** Problem **
Restate all the lines below word for word, but omit the pictures.

** Raw data **
────────────────

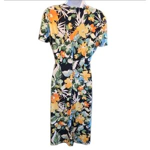 164 Maggy London Black Yellow Orange Floral Midi Dress
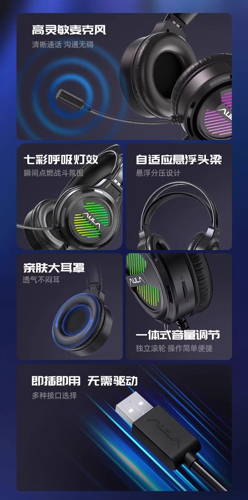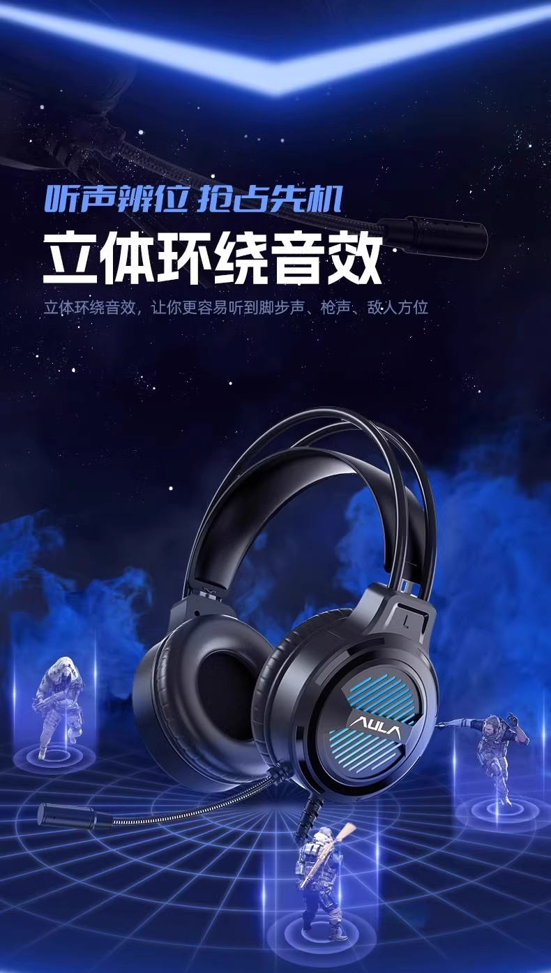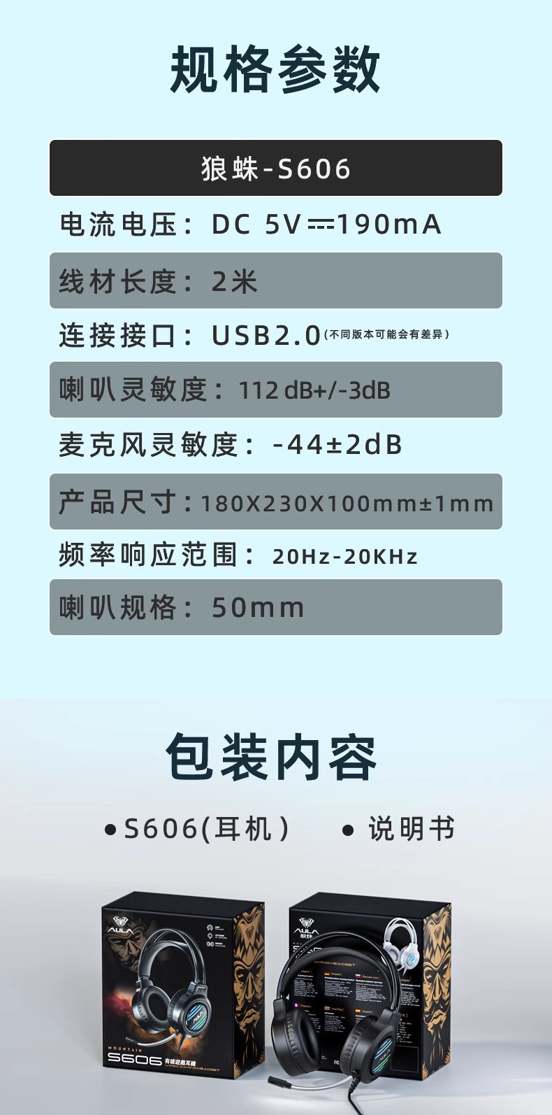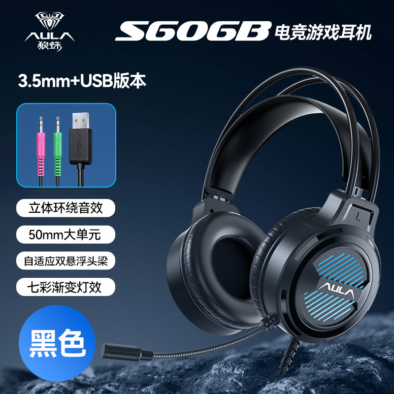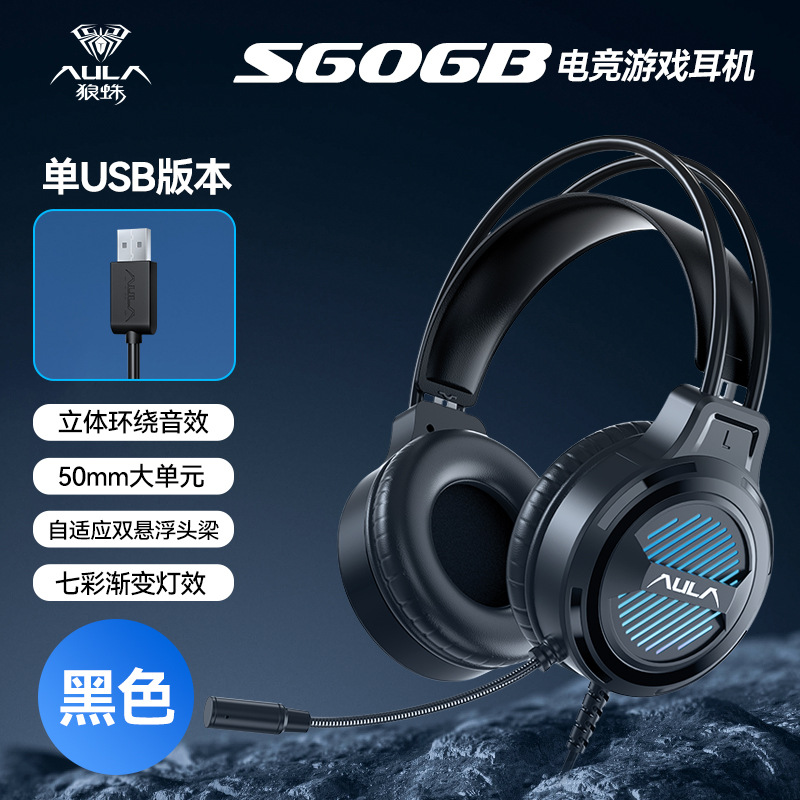 Игровая гарнитура Wolf Spider S606B, накладные наушники, 7.1-канальный звук, шумоподавление, проводная, для ноутбука
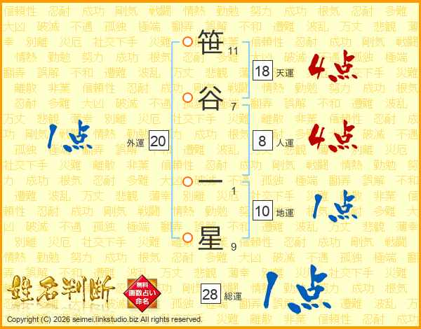 笹谷一星さんの総運は28画の1点!
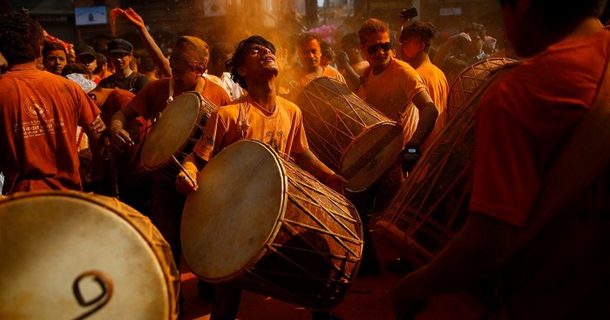 Празднование Нового года продолжается на улицах Непала под звуки барабанов и посыпанием окружающих оранжевым порошком.

────────────────

** Response for this exercise **
 164 Maggy London Black Yellow Orange Floral Midi Dress
 Игровая гарнитура Wolf Spider S606B, накладные наушники, 7.1-канальный звук, шумоподавление, проводная, для ноутбука
 笹谷一星さんの総運は28画の1点!
 Празднование Нового года продолжается на улицах Непала под звуки барабанов и посыпанием окружающих оранжевым порошком.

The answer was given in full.